Au-delà des aspects techniques, le chercheur alerte sur un risque plus humain: la confiance excessive accordée aux systèmes automatisés. «Alors la machine se montre fiable la plupart du temps, l’humain finit par lui faire confiance», prévient-il.
L’IA, nouveau terrain d’attaque pour les hackers
Sur scène, Terry Vogelsang, responsable de la sécurité offensive chez Kudelski Security, a ramené la discussion sur le terrain. Selon lui, chaque interaction avec un modèle d’IA constitue un point d’entrée potentiel: une requête bien formulée peut suffire à détourner son fonctionnement ou à révéler des données internes. Il évoque des cas concrets: bots manipulés par prompt injection, intégrations mal cloisonnées ou code généré automatiquement puis déployé sans contrôle.

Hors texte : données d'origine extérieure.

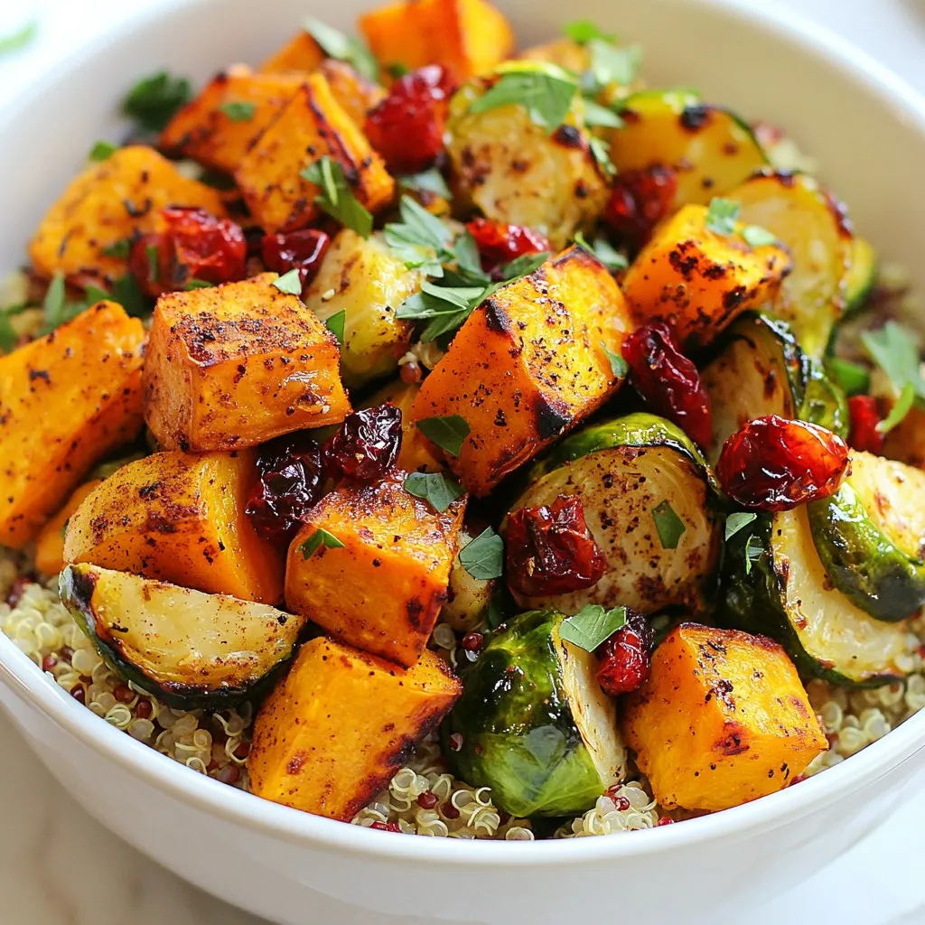 A colorful and nutritious bowl featuring roasted vegetables and quinoa, perfect for autumn.

S’appuyant sur une étude de Veracode, il souligne que près de 45% du code produit par des modèles d’IA contient des failles de sécurité. «On voit aujourd’hui des logiciels générés par IA arriver en production avec des erreurs qu’un développeur junior éviterait», observe-t-il.

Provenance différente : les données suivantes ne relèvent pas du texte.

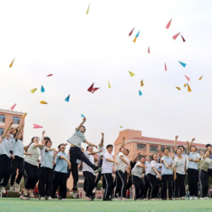 5月22日,在山东省高密市第五中学,高三学生将写有梦想的纸飞机抛向空中。
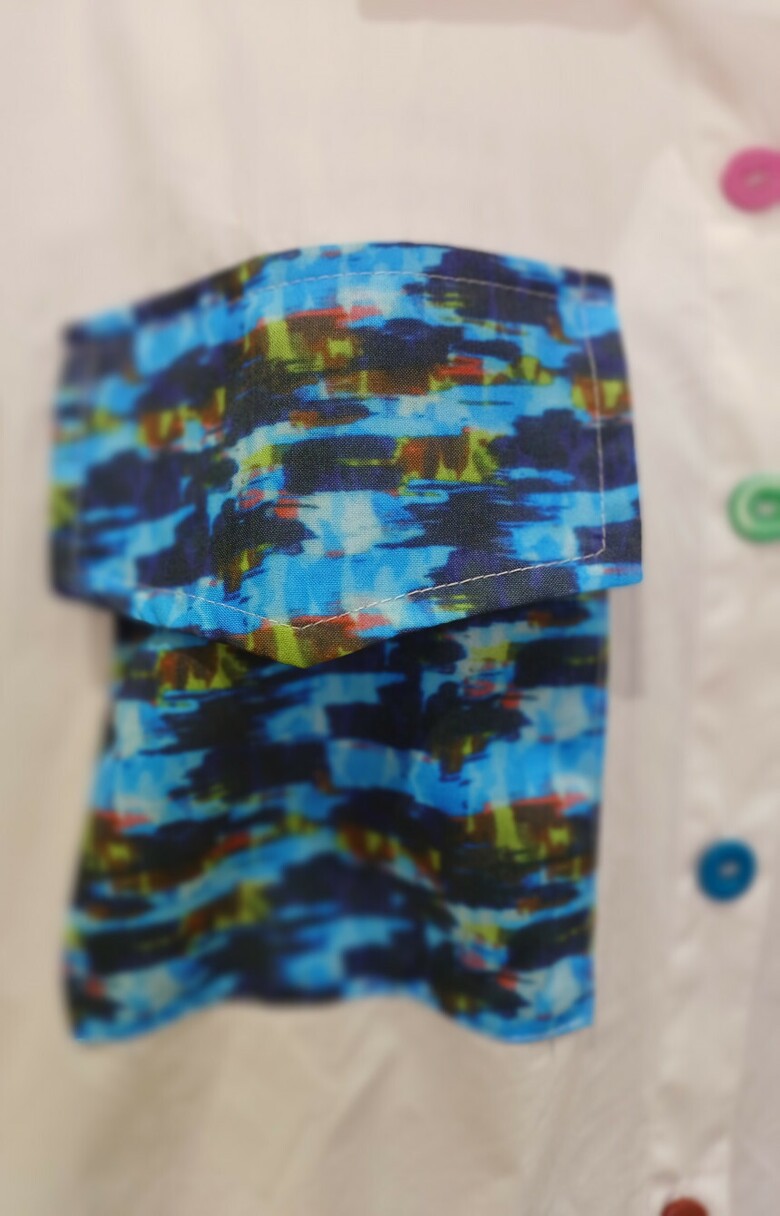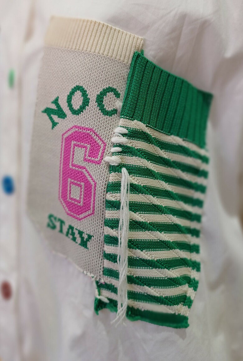주머니 니트 배색으로 컬러감이 돋이는 블라우스 입니다

Pour lui, la réponse ne réside pas dans de nouveaux outils, mais dans un retour aux fondamentaux: segmentation des réseaux, contrôle des accès et supervision continue. «L’IA doit être traitée comme un composant critique du système d’information, pas comme un gadget d’innovation», rappelle-t-il.
La gouvernance, pilier de la confiance
Dernier intervenant, Gilles Burnier, expert en innovation stratégique chez Groupe Mutuel, a rappelé que la réussite d’un projet d’IA repose avant tout sur la gouvernance. S’appuyant sur une étude du MIT, il note que 95% des projets échouent faute d’alignement entre stratégie, valeur ajoutée et gestion des risques. «Trop souvent, les entreprises se lancent dans l’IA parce que leurs concurrents le font, sans savoir quel problème elles veulent vraiment résoudre», observe-t-il.
L’orateur a évoqué les paradoxes d’une technologie à la fois prometteuse et imprévisible. «Les modèles sont puissants, mais aussi opaques et peu fiables: A plus B ne donne pas toujours C», a-t-il illustré, pointant les risques de dérives ou de non-conformité.
Pour y répondre, le Groupe Mutuel a instauré un cadre de supervision hybride, combinant validation humaine et contrôle automatisé. Avant diffusion, les réponses générées par son chatbot sont vérifiées par un second modèle selon le principe du LLM as a judge. «Il faut accepter d’innover, mais dans un cadre maîtrisé et transparent», souligne-t-il. Au-delà de la technique, il plaide pour une approche collective: avancer ensemble et partager les apprentissages afin de transformer les projets pilotes en initiatives durables.
Surelio.ai veut structurer la sécurité de l’IA
En clôture, les cofondateurs ont présenté le lancement de cette jeune entreprise lausannoise, née de la collaboration entre experts en cybersécurité, auditeurs IT et spécialistes de l’intelligence artificielle. Positionnée comme un tiers de confiance, Surelio.ai accompagne les organisations dans la sécurisation et l’audit de leurs systèmes d’IA. Elle mène des tests de robustesse à grande échelle et propose des formations en AI Safety destinées aux équipes techniques et aux directions, afin d’instaurer une culture commune de la prévention.
«Il n’existait jusqu’ici aucun événement romand spécifiquement dédié à la Generative AI Safety», rappelle Gaetan Stein, cofondateur de Surelio.ai. Avec ce nouveau format, l’entreprise entend fédérer chercheurs, experts techniques et décideurs autour des enjeux de sécurité des systèmes d’IA. Une seconde édition du Circle of AI Safety est déjà prévue en 2026.